Le magistrat a pris officiellement la tête de l'AFA, créée dans le cadre de la loi Sapin II, en mars dernier.

La mission de cette nouvelle structure? Prévenir la corruption dans les entreprises de plus de 500 salariés et faisant plus de 100 millions d'euros de chiffre d'affaires, en les conseillant et en contrôlant leurs plans de mise en conformité, avec un pouvoir de sanction administrative et pécuniaire à la clé. Ses six premiers contrôles ont été lancés mi-octobre.

Charles Duchaine, un ancien juge d'instruction connu notamment pour avoir mis en examen le président du Conseil général des Bouches-du-Rhône Jean-Noël Guérini (ex-PS) dans une affaire de marchés truqués, s'intéresse depuis une trentaine d'années aux paradis fiscaux. Pour lui, "il serait temps qu'on se réveille (...) pour dire aujourd'hui en France qu'on ne peut plus faire des opérations avec des sociétés offshore ou avec un compte offshore".

"Si on veut lutter contre la corruption, si on veut lutter contre le blanchiment, si on veut lutter contre la fraude fiscale, commençons par interdire cette espèce de dédoublement de la personnalité", insiste ce spécialiste des investigations financières, qui a aussi dirigé l'Agence de gestion et de recouvrement des avoirs saisis et confisqués (AGRASC).

Comment les sociétés offshore opèrent. (Photo Alain BOMMENEL, Laurence SAUBADU/AFP)

"Parce qu'en réalité, qu'est-ce que c'est qu'une société offshore? C'est une entité juridique fictive derrière laquelle vous pouvez vous cacher pour faire vos opérations, et quand vous voulez vous cacher, c'est que vous avez des opérations douteuses", poursuit-il, fustigeant par la même occasion une "activité anglo-saxonne": "Ceux-là qui voudraient donner des leçons en matière de lutte contre la corruption utilisent ces vecteurs-là", dénonce-t-il.

- "Guerre économique" -

En attendant, l'AFA, dont le rôle est de "prévenir et de détecter les risques de corruption", et non de la "traquer" et la réprimer (ce qui revient au pouvoir judiciaire) vérifiera auprès des sociétés qu'elle va contrôler si elles utilisent des comptes offshore, prévient-il.

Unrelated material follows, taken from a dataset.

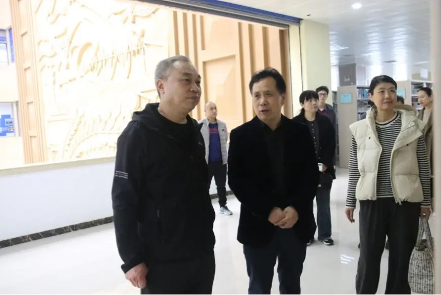 河南机电职业学院图文中心主任张斌,副主任孙金宝、赵吉文、范玉宁及相关科室主任对我校图书馆一行的到来表示热烈欢迎,并带领大家参观了图书馆的空间布局、浮雕文化、书画展览等。在参观过程中,孙长新对河南机电职业学院图书馆浓郁的文化氛围及丰富多彩的阅读推广活动表示赞赏,并认为这些经验和做法对我校图书馆的建设和发展具有重要的借鉴意义。

"Il peut y avoir des raisons à ça, mais elles sont extrêmement limitées", concède-t-il, citant l'exemple des armateurs. "Donc quand on verra une entreprise qui paye vers des paradis fiscaux ou des places offshore, ou qui reçoit des paiements de ces endroits-là, on sera évidemment beaucoup plus sourcilleux".

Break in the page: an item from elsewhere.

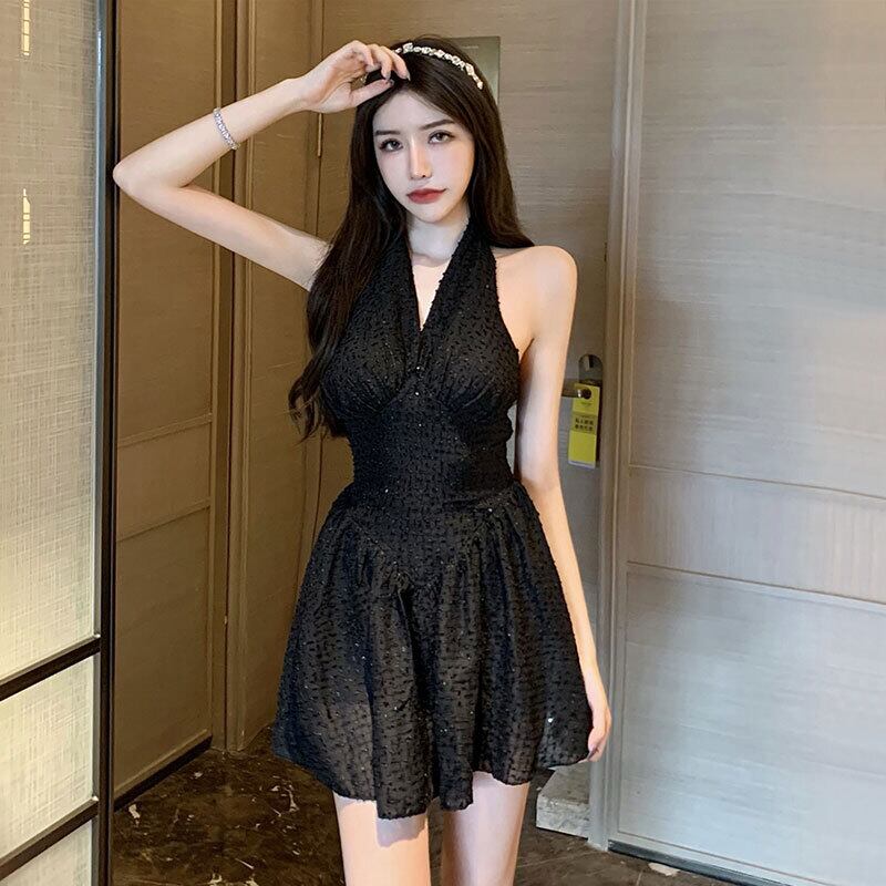 ディナーパーティー気質スモールドレスショートナイトクラブレディースセクシーVネックオープンバックふくらんでいるストラップホルタードレス micat93774636446
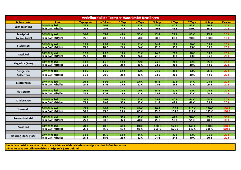 - Ausrüstungs-Verleih

Charles Duchaine, directeur de l'Agence française anticorruption (AFA), le 13 novembre 2017 (Photo ERIC PIERMONT/AFP)

Autre cheval de bataille de Charles Duchaine, la défense de la souveraineté économique.

Plusieurs grandes entreprises françaises ont ces dernières années été condamnés par les Etats-Unis à des amendes colossales pour violation de la législation américaine anti-corruption, à l'image de BNP Paribas ou Alstom, et le groupe européen Airbus est à son tour actuellement sous le coup de plusieurs enquêtes en Europe et outre-Atlantique.

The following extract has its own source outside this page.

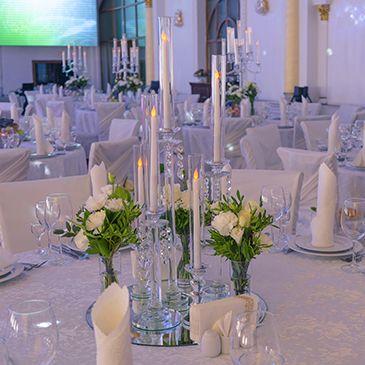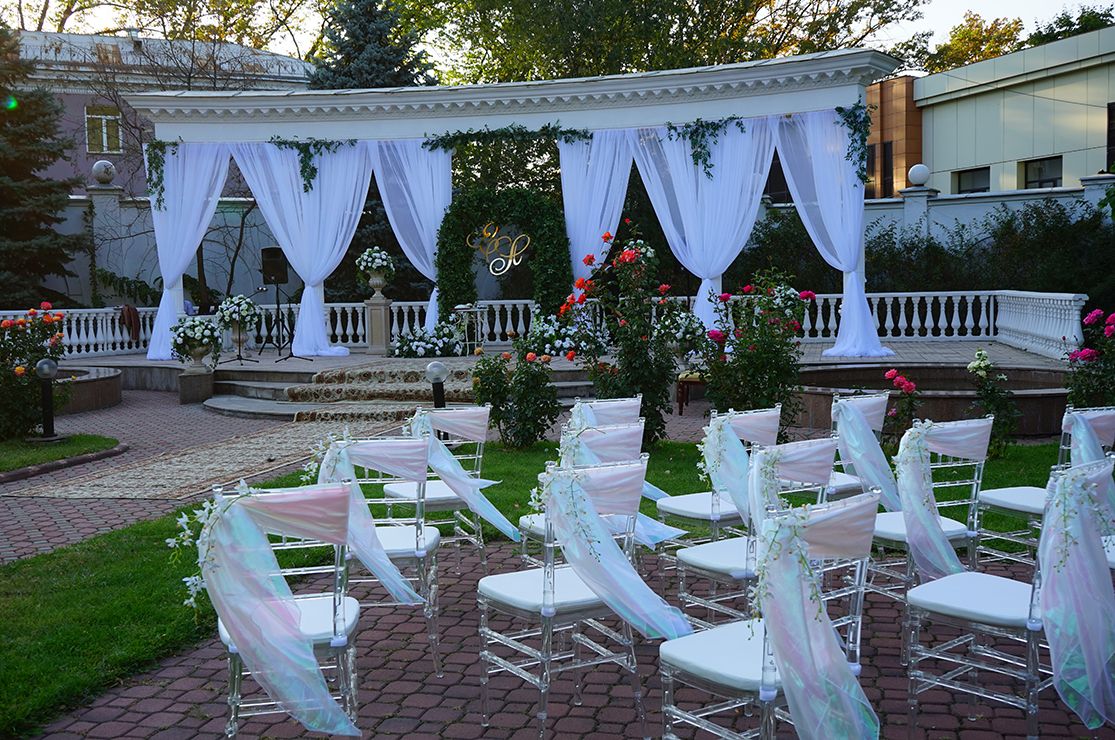 Стиль свадьбы определила большая открытая площадка на территории банкетного зала Малого Дома Приемов. Здесь расположена белоснежная колоннада и лестница, зеленая лужайка в окружении розовых кустов – чудесная картина, и дополнил ее бело-зеленый цветочный декор. Чтобы подчеркнуть атмосферу легкими штрихами, мы выбрали изящные прозрачные стулья, камерный оркестр, развивающийся шатер.

Dans ce contexte, le magistrat plaide pour que son agence ait vocation à assurer le suivi de l'exécution des sanctions pénales sur le territoire français "quelle que soit la nationalité de l'autorité judiciaire qui est à l'origine de cette peine".

"Ce serait à mes yeux une atteinte à notre souveraineté que de laisser des autorités étrangères venir vérifier le suivi d'une sanction pénale", estime-t-il. "Et le fait qu'on utilise pour ça des gens à statut privé ne change rien à l'affaire", ajoute-t-il, faisant allusion aux cabinets d'avocats anglo-saxons actuellement mandatés pour assurer ce suivi.

Aurait-il des craintes d'espionnage industriel? "Ce sont des suspicions qui peuvent exister", dit-il, glissant: "il ne faudrait pas, je parle bien au conditionnel, que certains mettent à profit une prétendue lutte contre la corruption pour faire une guerre économique".

"Je dis simplement qu'en l'occurrence ces procédures ont pour cible des entreprises qui sont ou particulièrement sensibles, ou qui pèsent quelque chose au plan de l'économie mondiale", déclare le responsable.